- [Dataset section]
==============================
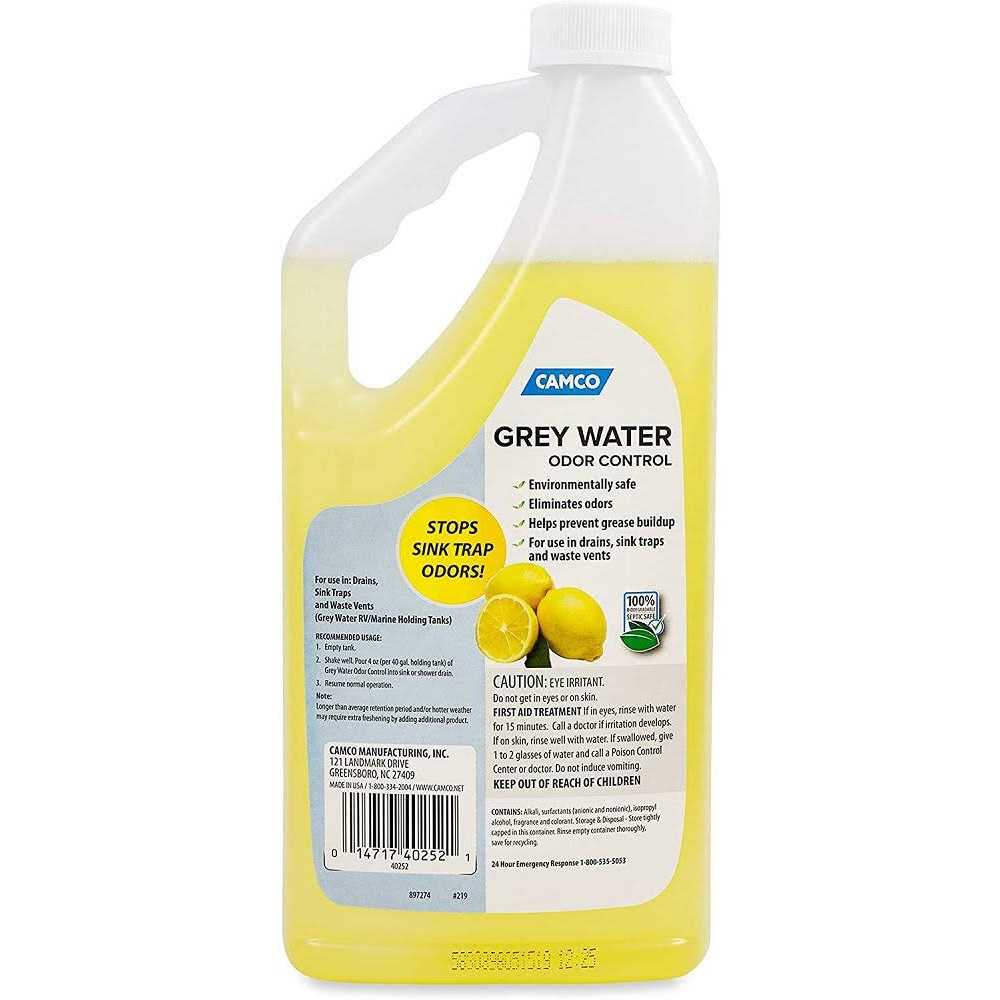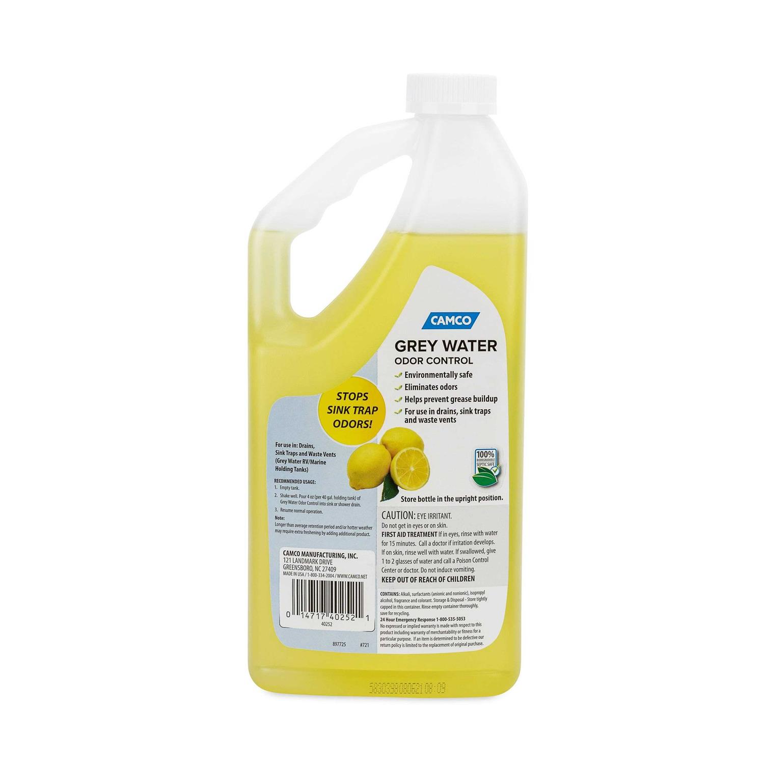 Eliminate odors from rv drains, sink traps and vents with camco’s grey water odor control. Prevents grease build up in holding tank system. Concentrated: use 4 ounces for 40 gallons of tank capacity. 100% biodegradable, non-staining and environmentally safe. Equipment protective formulation with a lemon fresh fragrance.
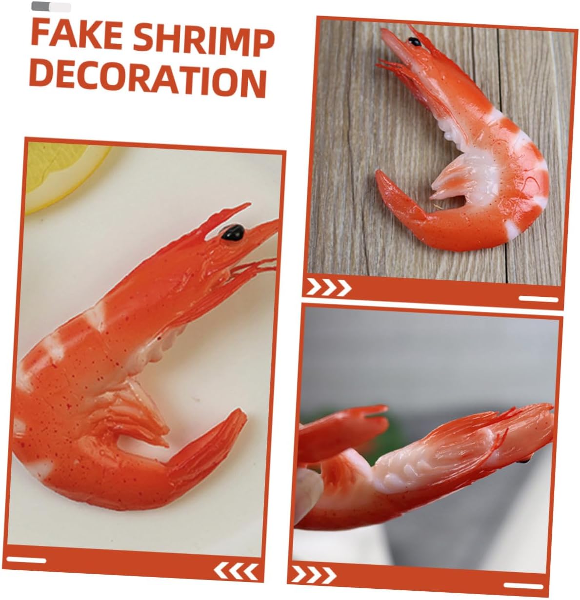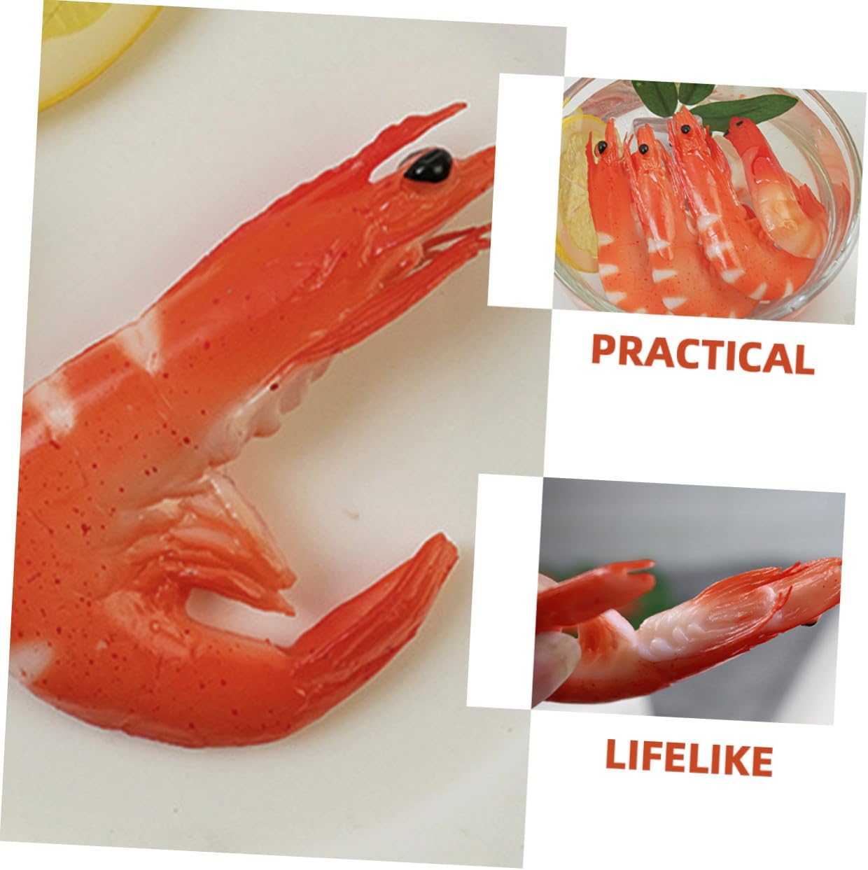Gamberetti di plastica realistici: i gamberetti simulati sono un perfetto oggetto di scena per scattare foto al posto dei veri gamberetti, di gamberetto simulato Cibo realistico: questo gambero è molto dettagliato, dall'aspetto realistico, può essere usato come ornamento da scrivania o come oggetto di scena per scherzi, come oggetto di scena per feste Gamberetti artificiali: questo cibo finto da esposizione può essere applicato in molti , puoi aggiungere creatività e idee con un'immaginazione infinita, decorazione di gamberetti Di cibo artificiale: lavorazione, struttura ragionevole, professionale e pratica, può offrirti comodità, di cibo simulato Cibo finto per arredamento: non facile da indossare o strappare, l'ornamento di gamberetti artificiali non sbiadirà né si deformerà a lungo, di gamberetti alimentari simulati
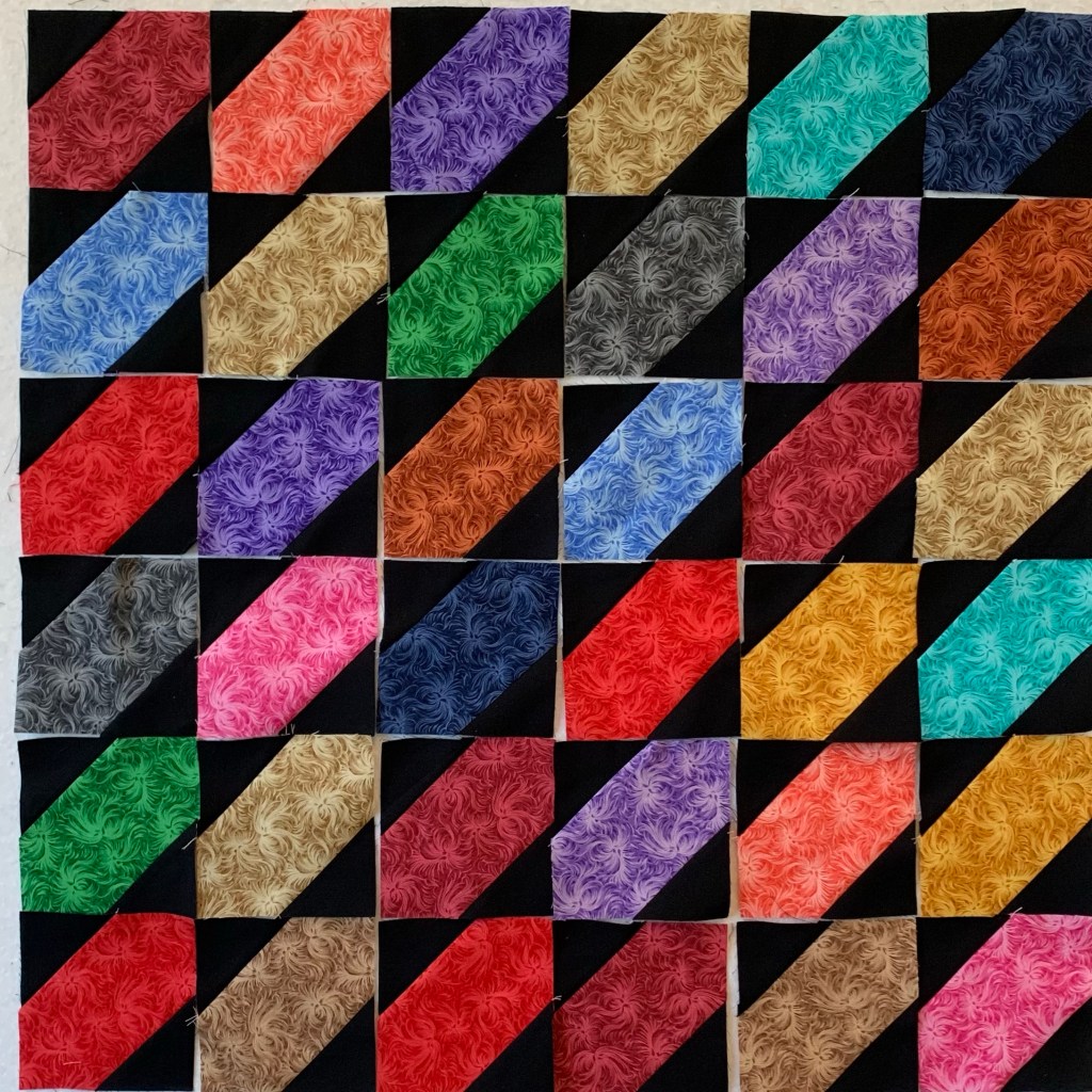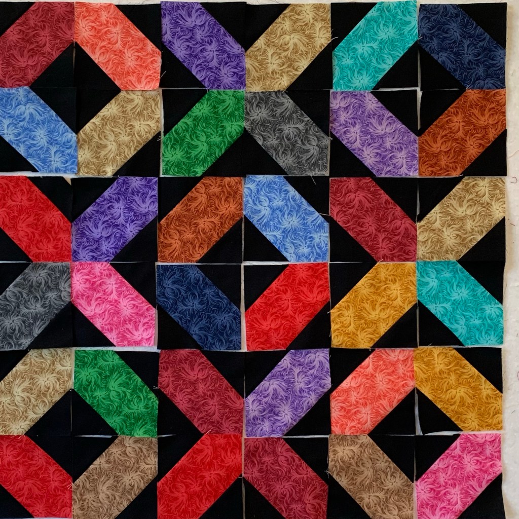 I pieced enough blocks to play a bit with layouts. AccuQuilt calls this a Signature block, but it seems the name of the quilt can change depending on how the blocks are set.
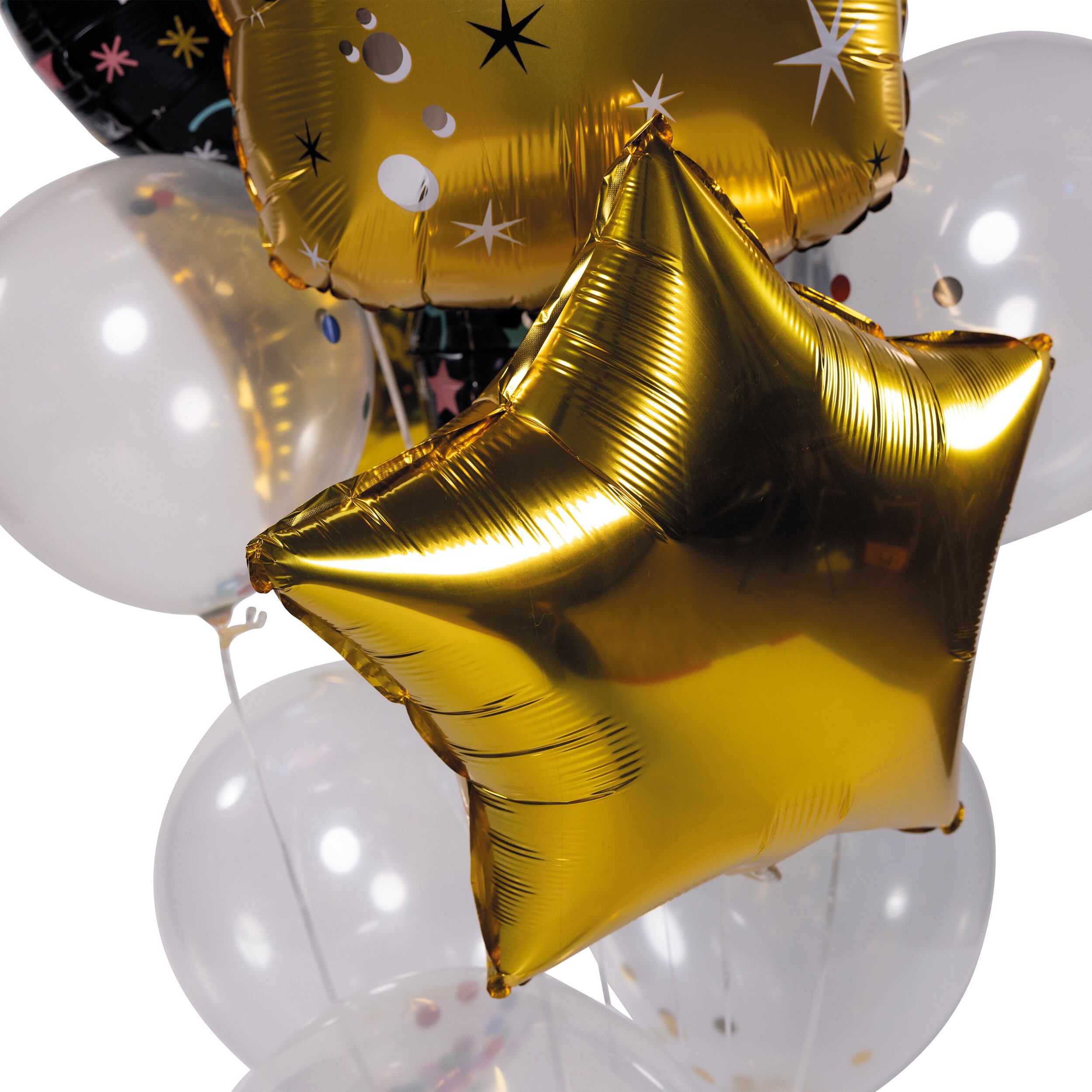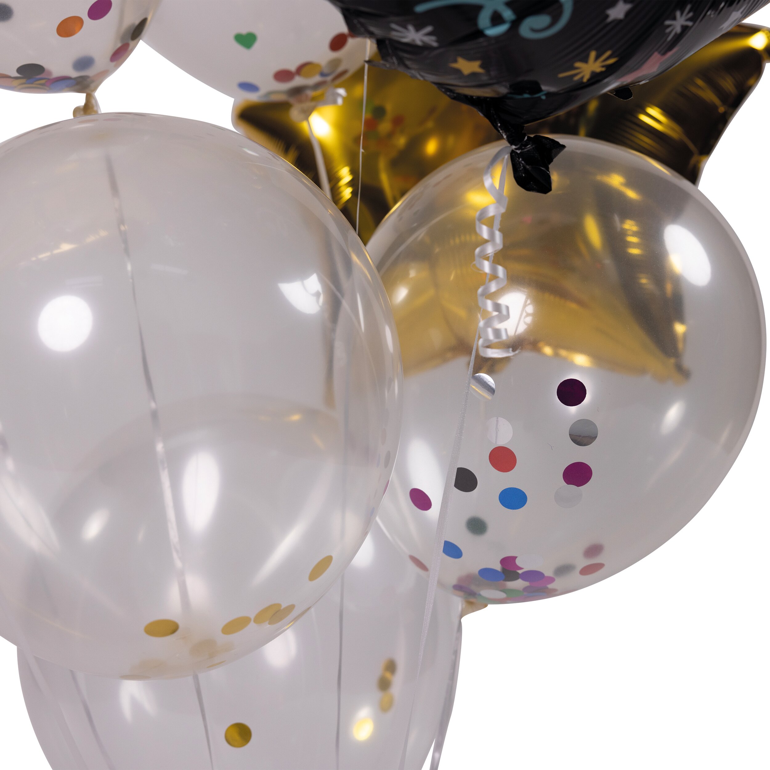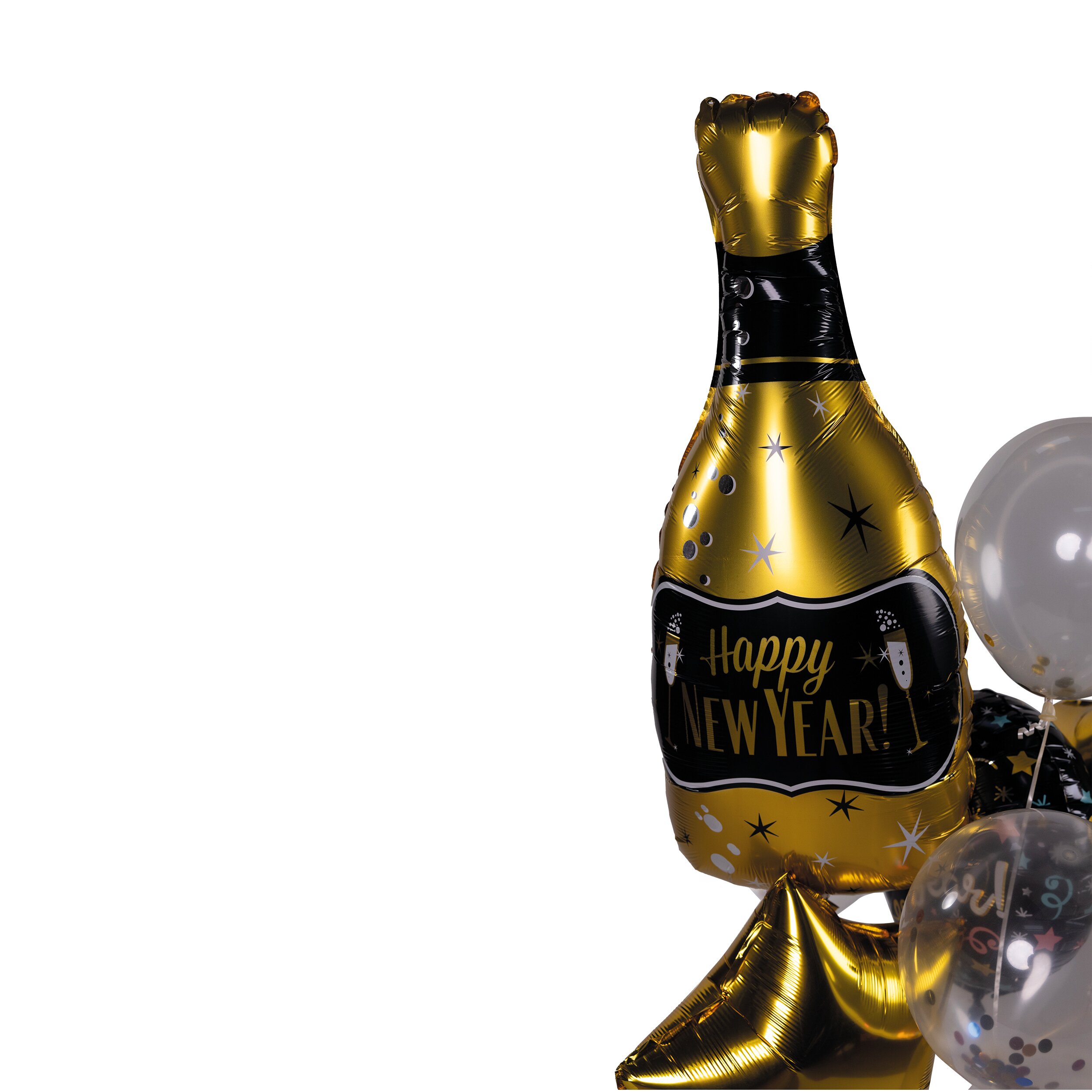 Aufblashilfe, Band4 Latex Ballons inkl. Konfetti2 Ballons Sternförmig ca. 41 x 45 cm2 Ballon rund Ø ca. 45 cm1 Ballon Sektflasche ca. 90 x 45 cm
==============================
- [Try it] The response should hold only an exact retyping of the lines from the beginning of the data through the line containing "I pieced enough", both ends kept, pictures omitted.

- [Task answer]
 Eliminate odors from rv drains, sink traps and vents with camco’s grey water odor control. Prevents grease build up in holding tank system. Concentrated: use 4 ounces for 40 gallons of tank capacity. 100% biodegradable, non-staining and environmentally safe. Equipment protective formulation with a lemon fresh fragrance.
Gamberetti di plastica realistici: i gamberetti simulati sono un perfetto oggetto di scena per scattare foto al posto dei veri gamberetti, di gamberetto simulato Cibo realistico: questo gambero è molto dettagliato, dall'aspetto realistico, può essere usato come ornamento da scrivania o come oggetto di scena per scherzi, come oggetto di scena per feste Gamberetti artificiali: questo cibo finto da esposizione può essere applicato in molti , puoi aggiungere creatività e idee con un'immaginazione infinita, decorazione di gamberetti Di cibo artificiale: lavorazione, struttura ragionevole, professionale e pratica, può offrirti comodità, di cibo simulato Cibo finto per arredamento: non facile da indossare o strappare, l'ornamento di gamberetti artificiali non sbiadirà né si deformerà a lungo, di gamberetti alimentari simulati
 I pieced enough blocks to play a bit with layouts. AccuQuilt calls this a Signature block, but it seems the name of the quilt can change depending on how the blocks are set.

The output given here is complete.